To further investigate the effect of salinomycin on GSCs, the protein expression and GSC functionality were assessed. Since salinomycin caused a decrease in SOX2 mRNA expression for all three GBM cell lines, SOX2 protein expression was analyzed using flow cytometry (Fig. 4). A statistically significant decrease in SOX2-positive population in D456 expression, with a similar decrease in U87 and SMC448 cells (albeit not at statistically significant levels) was revealed. Placed in context with the transcriptional results, these data indicated that while most of the cells continue to express SOX2, salinomycin is reducing the total amount of SOX2-positive population. The functional impact of salinomycin on GSC clonogenicity was assessed via sphere formation assay. Qualitatively, 1 µM of salinomycin was sufficient to prevent sphere formation at both 10 and 100 cells/well seeding densities, even though these densities were otherwise sufficient to form spheres without salinomycin (Fig. 5A). Quantitatively using the extreme limiting dilution assay (30), a significant reduction of clonogenic population was also observed. Clonogenic potential of U87 cells was altered from 1 of 1.04 to 1 of 8.58 cells after 1 week of 1 µM of salinomycin treatment (Fig. 5B). Similarly, the clonogenic potential of SMC448 was altered from 1 of 1.76 to 1 of 6.84 and D456 changed from 1 of 1.04 to 1 of 7.01. Notably, the clonogenic potential of NE-4C mouse neural stem cells was also altered but to a lower extent from 1 of 1.15 to 1 of 4.63 (comparison of slopes of lines in Fig. 5B). Collectively, these data indicated that salinomycin significantly and selectively impacted GSC clonogenicity.

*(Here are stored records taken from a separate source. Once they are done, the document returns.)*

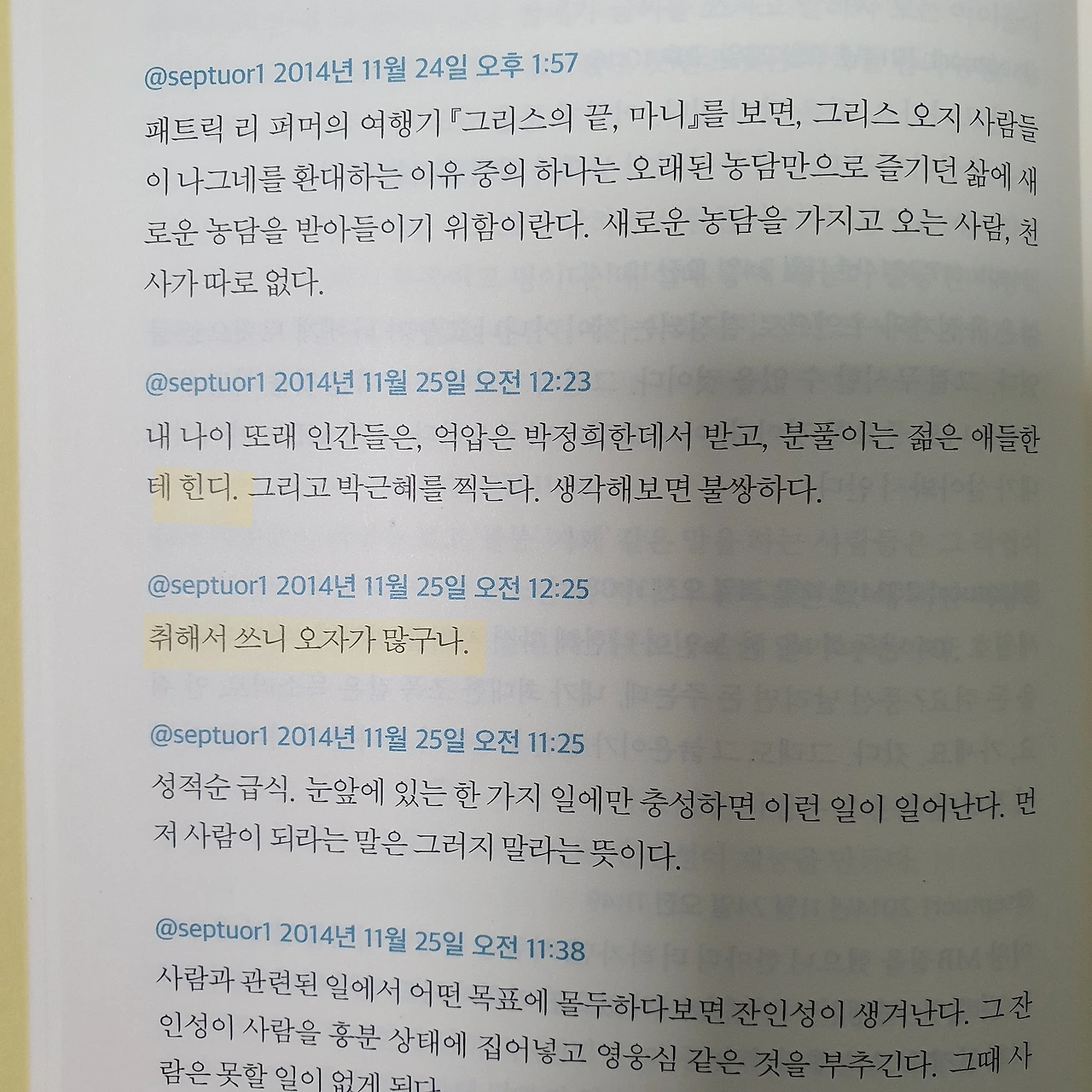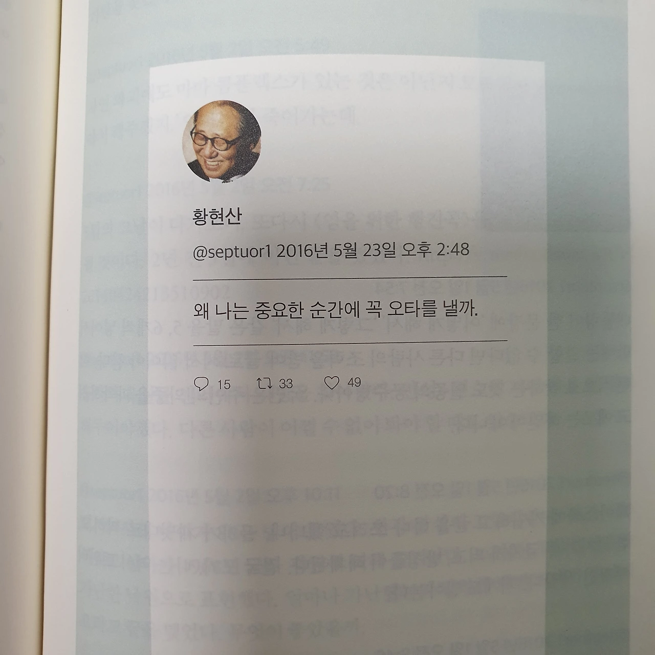 택배를 받자마자 쭈그려 앉아 그의 책을 뒤적이며 읽었다. 트윗을 한 세월만큼 읽어야 할 글들도 많지만 짧은 글들이라 호흡이 가벼웠다. 그리고 많은 사람들의 존경을 한 몸에 받던 사람도 오타를 내며 멋쩍어한 모습도 보여 웃음이 났다. 유머러스한 사람을 보면 긴장했던 마음이 풀리듯이 나도 황현산 님에게 가지고 있었던 편견과 어려움이 조금 누그러지는 듯하여 기분이 좋았다.
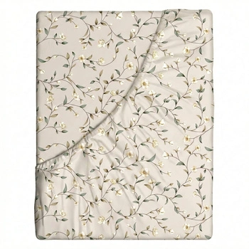 Prześcieradło z gumką do łóżeczka 80x200 bawełniane | 122beż | beżowe | powoje bluszcz
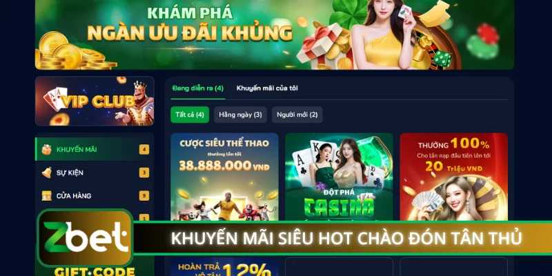 Khuyến mãi nhà cái Zbet đang là chủ đề hot nhất trong cộng đồng cá cược trực tuyến tại Việt Nam hiện nay. Với hàng loạt ưu đãi hấp dẫn từ thưởng nạp đầu lên đến 20 triệu đồng, hoàn trả liên tục và các chương trình đặc biệt dành riêng cho thành viên, Zbet mang đến cơ hội tuyệt vời để người chơi gia tăng vốn cược và trải nghiệm giải trí đỉnh cao.
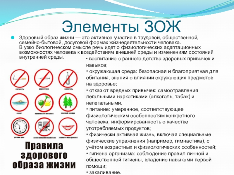 • отказ от вредных привычек: самоотравления легальными наркотиками (алкоголь, табак) и нелегальными.
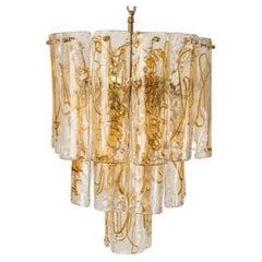 Dieser elegante Kronleuchter, der in den 1970er Jahren in Italien hergestellt wurde, ist ein Beispiel für die zeitlose Schönheit der handgefertigten Glaskunst. Die Leuchte besteht au...

To investigate the mechanism of action of salinomycin, an Annexin V/7-AAD assay was performed (Fig. 6A). This assay assesses the percentage of cells that are healthy (lower left quadrant), early apoptotic (lower right quadrant), late apoptotic (upper right quadrant), and necrotic (upper left quadrant). For all cell lines, salinomycin treatment led to an increased percentage of cells in the early apoptotic and late apoptotic quadrants, but no increase in the necrotic quadrant. This finding indicated that salinomycin induced cell death via apoptosis rather than necrosis. The cells grown in serum-free culture, which are GSC enriched, led to higher rates of specific apoptosis than those grown with serum, reinforcing the prior observation that salinomycin can to a certain extent preferentially deplete GSCs. For U87, the difference in the apoptotic rates between the serum-free culture and serum culture was statistically significant. The GBM lines U87, SMC448, and D456 all exhibited higher rates of specific apoptosis than the non-cancerous NE4C cell line, providing evidence that salinomycin has greater toxicity for cancer cells than their non-cancerous counterparts. To further investigate this potential mechanism, flow cytometry was used to identify caspase-3 cleavage activity in serum-free and serum culture cells with or without the addition of salinomycin (Fig. 6B). Salinomycin treatment led to statistically significant increases in caspase-3 cleavage for SMC448 cells in serum culture as well as for both SMC448 and D456 cells in serum-free culture. The cells in serum and serum-free culture exhibited similar trends in caspase-3 cleavage, indicating that the increased apoptosis in U87 serum-free vs. serum culture may be caused by a caspase-3-indepdendent pathway (31,32).

Discussion

We have previously postulated the potential of salinomycin to selectively target GSCs (20). While salinomycin is yet to be the subject of any full-scale clinical trials in cancer patients, its emergence as a key anticancer agent has propelled it into the focus of pre-clinical models using patient-derived cancer cells (33). The aim of the present study was to investigate the impact of salinomycin on GSC-like cells in GBM to assess the efficacy of the drug as a potential chemotherapy for GBM patients. GSCs are a distinct subpopulation of cells within glioblastomas which have the ability to initiate tumor growth and self-renew (6,8,11). Conventional therapies do not adequately target these cell populations in glioblastoma, which may lead to inefficient tumor elimination and cancer reemergence (11,34). The antibiotic salinomycin had been first identified to target CSCs nearly a decade ago, and subsequent studies on salinomycin have been centered on its potential to treat similar stem cell-like populations in various cancers (14). Additionally, drug delivery systems have been implemented in vitro with salinomycin to demonstrate the ability of the drug to deplete glioblastoma populations while also crossing the blood-brain barrier (35).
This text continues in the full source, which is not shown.